### Supplied entries
+ + + + + + +

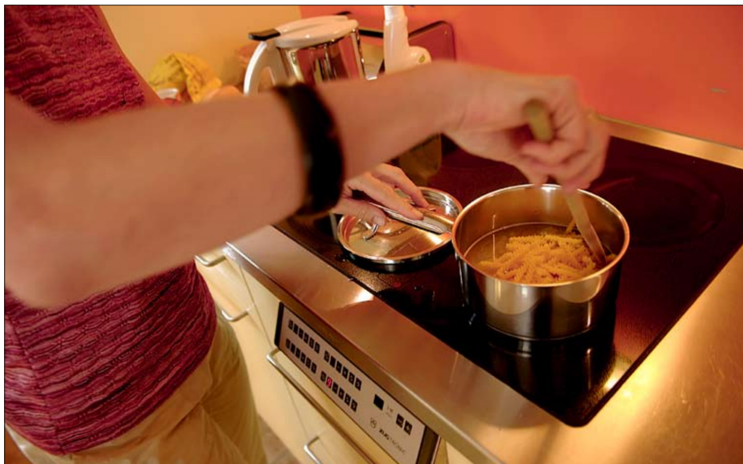
Herdplatten sollten nie unbeaufsichtigt eingeschaltet sein.
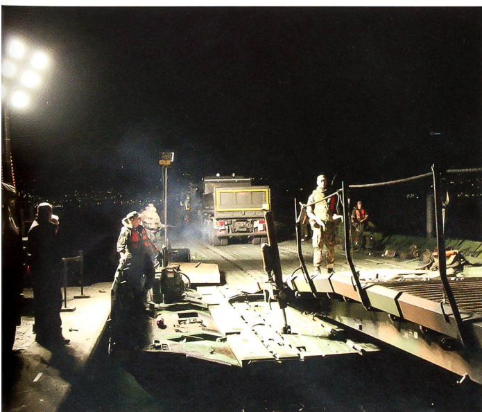
Das erste Fahrzeug ist verladen, weitere folgen.

Neben den erwähnten Aufträgen und Übungen bewährte sich die Kompanie an der Volltruppenübung «PONTE» der Panzerbrigade 11. +
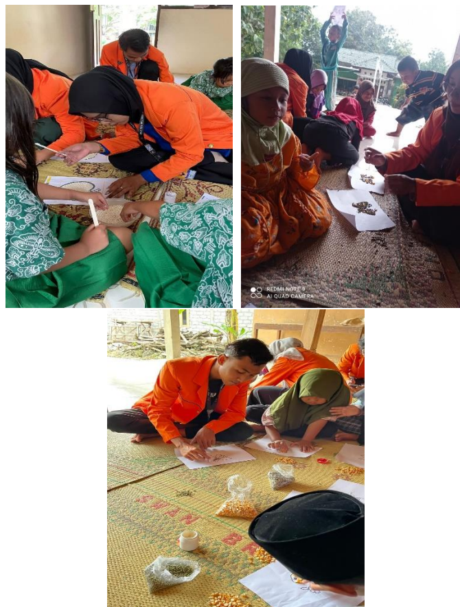
Gambar 3.3 Kolase
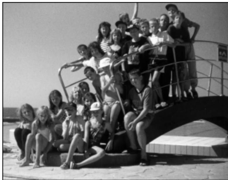
Najlepši del šole v naravi: vožnja z barko
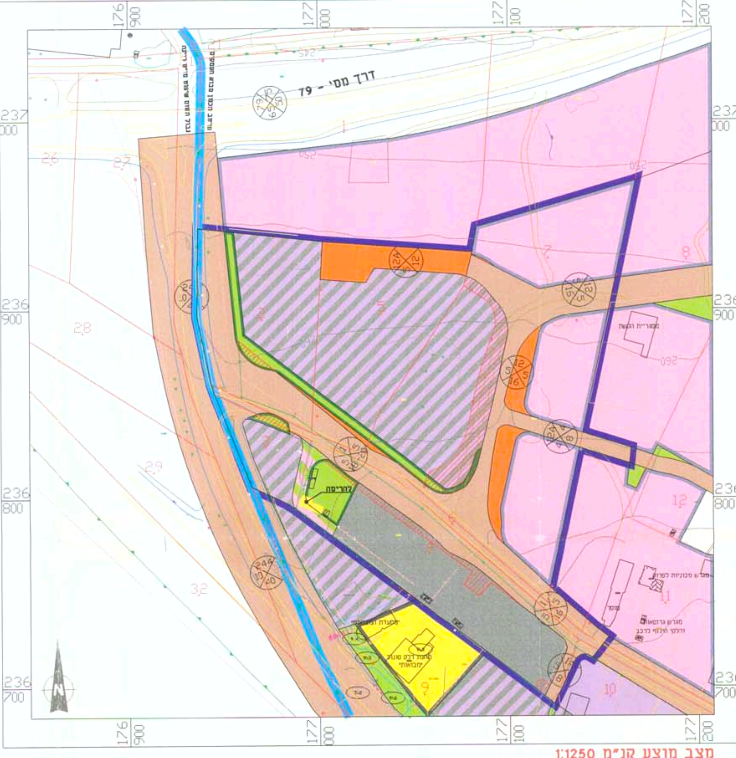
מצב מוצע קנ"מ 1:1250
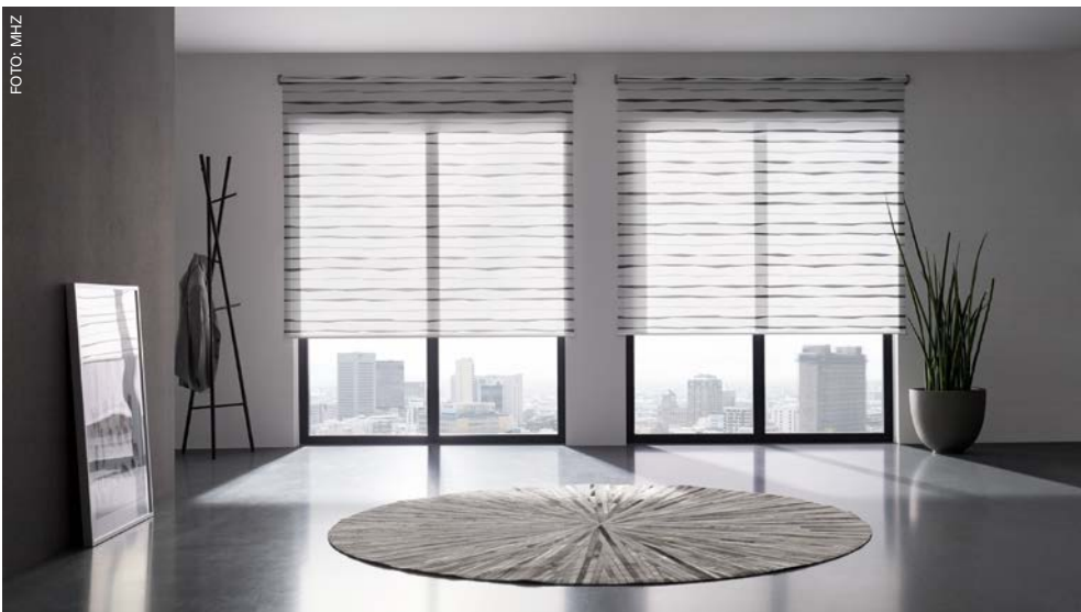
Bei der Montage akkubetriebener Sonnenschutzsysteme – hier von MHZ – entfallen Installationsarbeiten für Strom- und Steuerleitungen. Der Putz wird nicht beschädigt und es wird kein Schmutz verursacht.

Im Herbst blicken wir auf das erste Halbjahr 2017 und kommende Messen
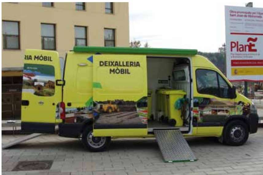
La deixalleria mòbil al mercat de Sant Joan

Utilitzant la deixalleria mòbil reduïrem els residus portats a l'abocador, allargant-ne així la seva vida útil i minimitzant l'impacte que aquests generen.
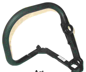
Art. 54.180.0029 Impugnatura Tubolare adattabile Handle bar replaces STIHL 029 • MS 290 039 • MS 390 MS 310
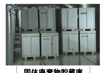
固体廃棄物貯蔵庫
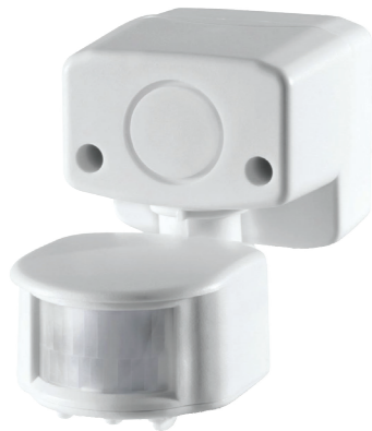
UNIDETECT 5.12 5 A-12 V Ref 1719 UNIDETECT 10.12 10 A-12 V Ref 0668
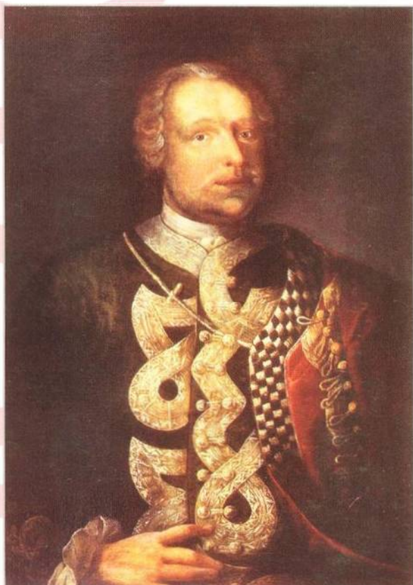
Baron Trenk byl známý svojí brutalitou a arogancí (str. 8)
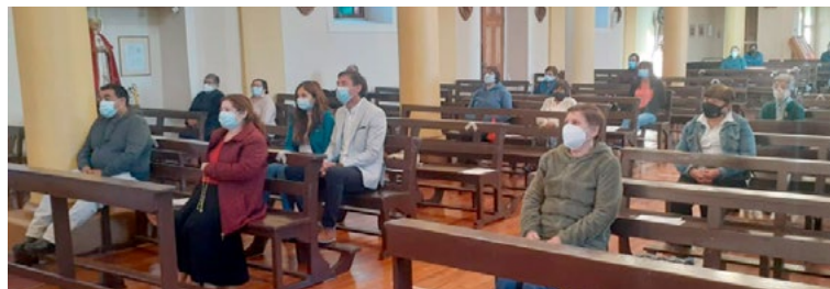
En la parroquia San Francisco de Placilla, también se celebró el Rosario del Alba.
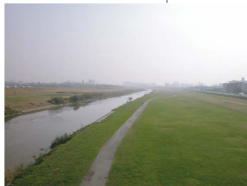
ビューポイント：ふれあい橋上流
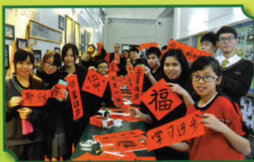
同學於中文周以書法學習中國傳統文化

+ + + + + + +

### Task
Wherever the string "mòbil" appears in the records, copy the whole line.

### Exercise result
La deixalleria mòbil al mercat de Sant Joan
Utilitzant la deixalleria mòbil reduïrem els residus portats a l'abocador, allargant-ne així la seva vida útil i minimitzant l'impacte que aquests generen.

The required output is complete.